News

Human or Machine? OpenAI’s GPT-4o offers human-like experience

Published

2 years ago

May 14, 2024

Human or Machine? OpenAI's GPT-4o offers human-like experience with audio & video

OpenAI recently unveiled a significant upgrade to its ChatGPT platform, introducing the GPT-4o model, where the “o” stands for “omni.” This major update enables the chatbot to interpret and engage with video and audio content in real-time, leading to a more fluid and human-like conversational experience.

OpenAI introduced its newest AI model, GPT-4o, designed to be a more conversational and lifelike AI chatbot. This advanced model interprets both audio and video inputs and provides real-time responses.

In a series of demonstrations, OpenAI showcased the potential of GPT-4 Omni in enhancing users’ daily lives.

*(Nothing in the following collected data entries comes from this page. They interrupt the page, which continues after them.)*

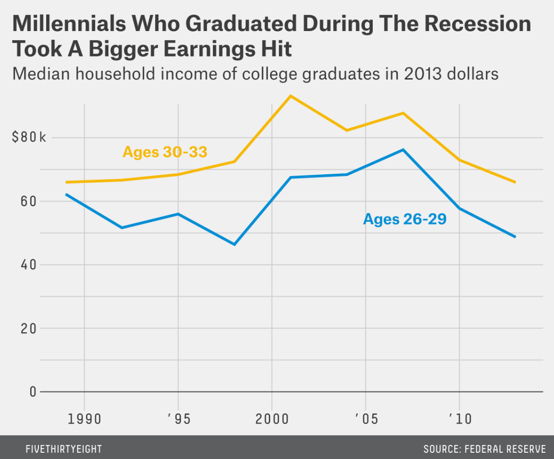 According to a FiveThirtyEight analysis of Federal Reserve data from 2015, millennials started their careers earning less money than the generation before them. The median household income declined, with “recession” millennials hit the hardest because, having graduated into economic strife, they never got an opportunity to kickstart their life in the way grads a few years older had.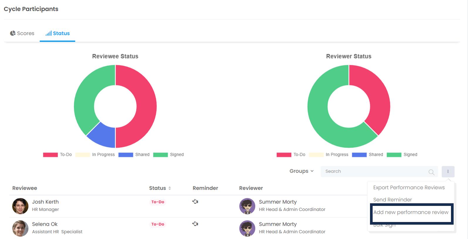 - When you select an employee, the question will be answered by the employee and the answer will not be shared with the manager.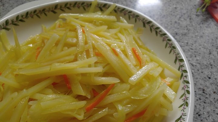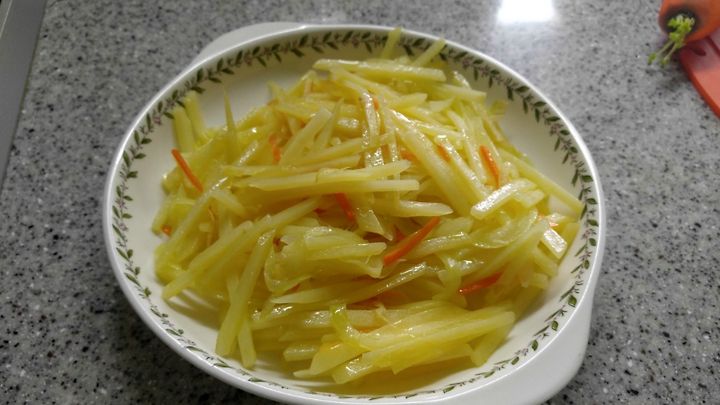 제일 두꺼운 감자채 하나 집어먹어봐서 익었으면 완성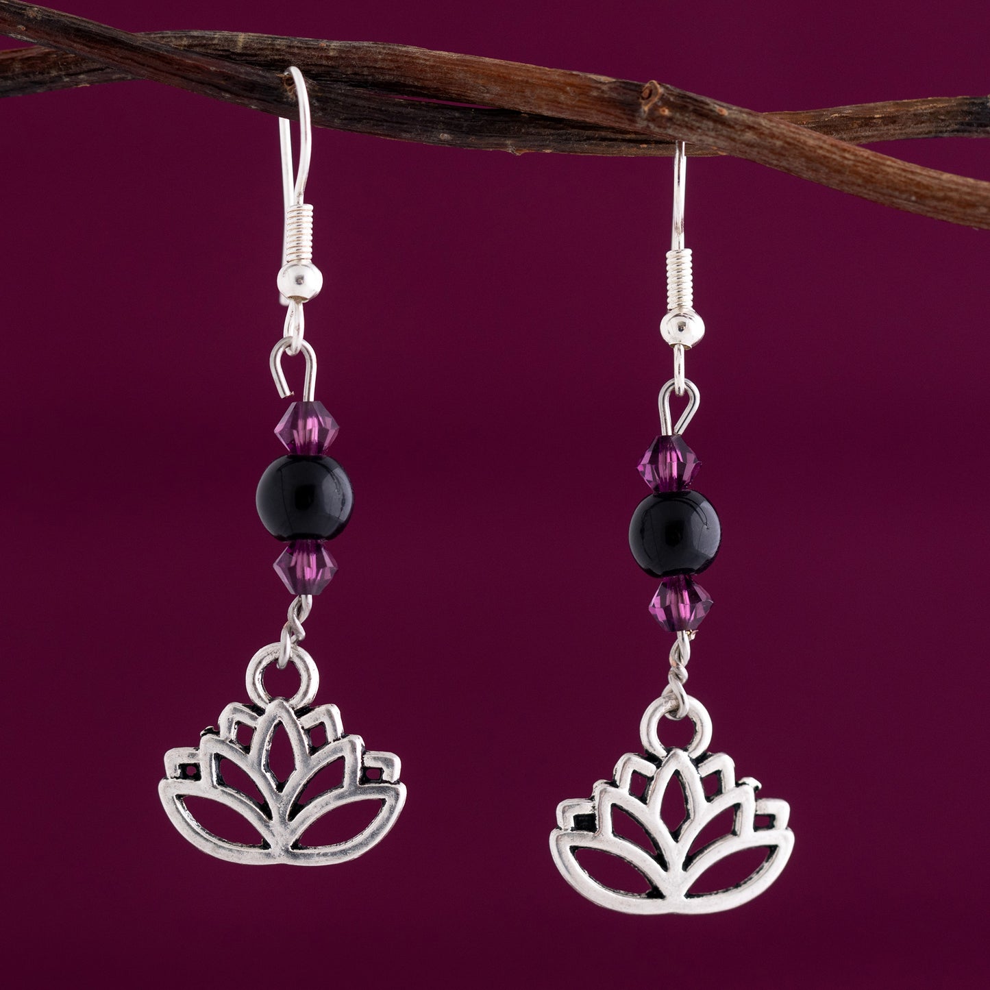Each gorgeous handmade pair of earrings is adorned with a captivating dark amethyst bead, shimmering purple glass crystals, and a delicate silver lotus charm. Handcrafted with precision and care in Haiti, each pair is a testament to artisanal skill and fair trade principles, ensuring both beauty and integrity in your accessory choice. Embrace elegance with a touch of global flair, knowing your purchase empowers artisans and communities alike.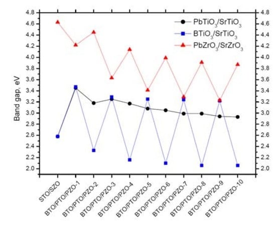 Ab initio computed optical band gaps for STO/PTO (001) interfaces, depending on the number of PTO (001) layers (x = 1–10), augmented on the TiO2-terminated STO (001) substrate. Ab initio computed band gaps for STO/BTO and SZO/PZO (001) heterostructures are mentioned for comparative purposes [].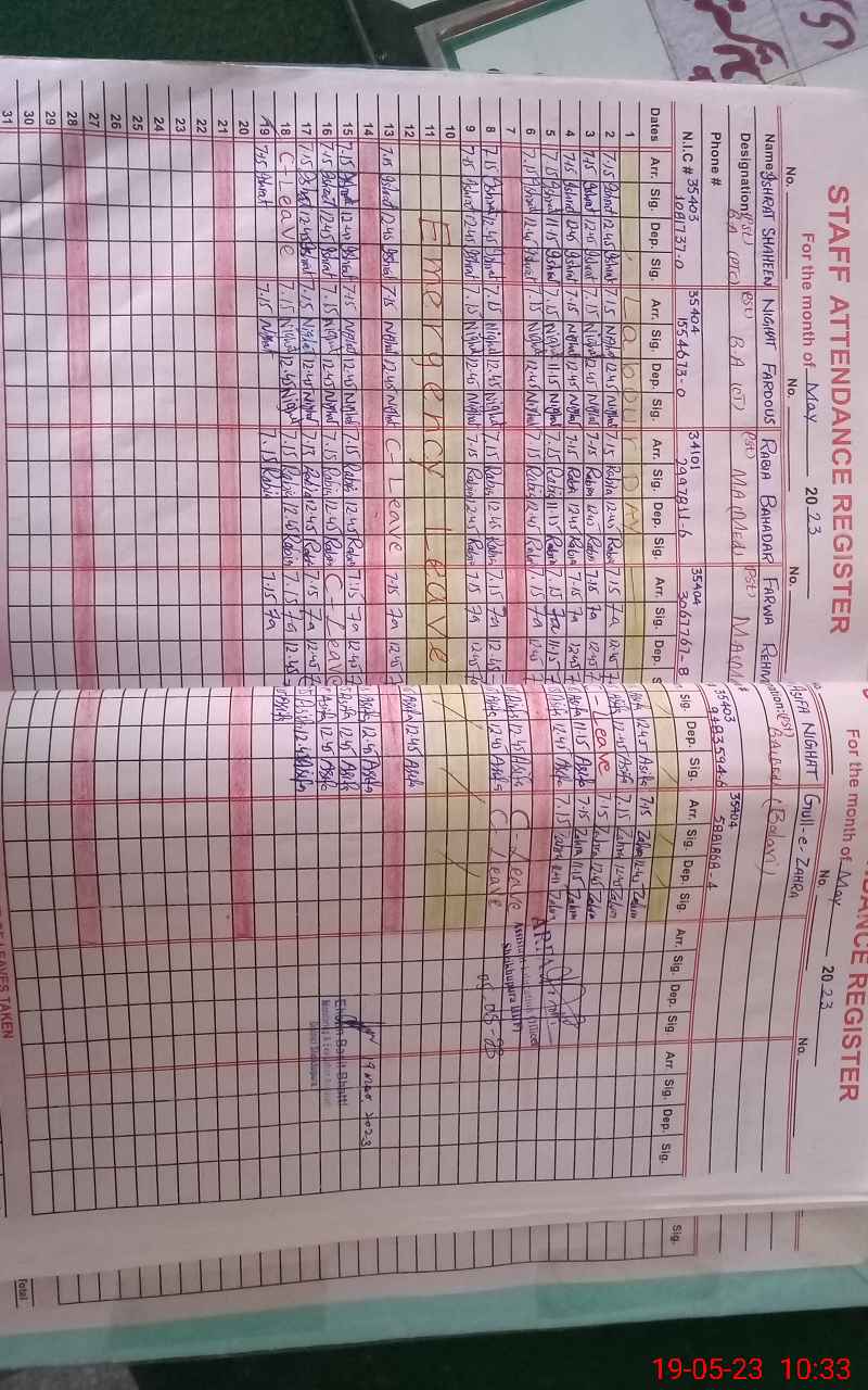 | CNIC | Full Name | Designation | R/C | Absence During Last Calender Month |

The versatile AI model assists with tasks such as interview preparation, and guiding appearance and presentation. Additionally, GPT-4 Omni’s capabilities shine as it simulates a call to a customer service agent to secure a replacement iPhone for a user.

Further demonstrations reveal a range of capabilities offered by GPT-4 Omni. The AI model showcases its playful side, sharing dad jokes and engaging in lighthearted user interactions.

It also demonstrates proficiency in the real-time translation of bilingual conversation and serves as an unbiased referee in a rock-paper-scissors match between users, adding an element of fun and interaction. Moreover, when prompted, the AI model injects its responses with sarcasm.

Another demonstration showcases GPT-4 Omni’s capacity for empathy and engagement as it interacts with a user’s puppy for the first time.

“Well hello, Bowser! Aren’t you just the most adorable little thing?” the chatbot exclaimed.

“It feels like AI from the movies, and it’s still a bit surprising to me that it’s real,” said the firm’s CEO, Sam Altman, in a May 13 blog post.

“Getting to human-level response times and expressiveness turns out to be a big change.”

OpenAI announced in a post that a version of GPT-4 Omni with text and image-only input capabilities was released on May 13. The company further stated that the full version of the model will roll out in the forthcoming weeks.

OpenAI revealed that its latest AI model, GPT-4o, caters to the needs of both premium and non-paying ChatGPT users and will be accessible from ChatGPT’s API.

In a recent statement, OpenAI explained that the “o” in GPT-4o derives from the term “Omni,” reflecting the company’s intention to move closer to a future where human-computer interactions become more seamless and instinctive.

GPT-4o simultaneously handles inputs from text, audio, and image sources, representing a considerable advancement over previous AI models developed by OpenAI, such as ChatGPT-4, which often “loses a lot of information” when forced to multitask.

According to OpenAI, GPT-4o sets itself apart from current AI models with its significantly improved capabilities in comprehending visual and auditory inputs. The advanced model detects a user’s emotional cues and breathing patterns.

It is also “much faster” and “50% cheaper” than GPT-4 Turbo in OpenAI’s API.

OpenAI claims GPT-4o boasts an impressive response time to audio inputs, taking as little as 2.3 seconds and averaging 3.2 seconds. The company equates this rapid response rate to human reaction times in everyday conversations, highlighting the model’s enhanced ability to engage in natural dialogue.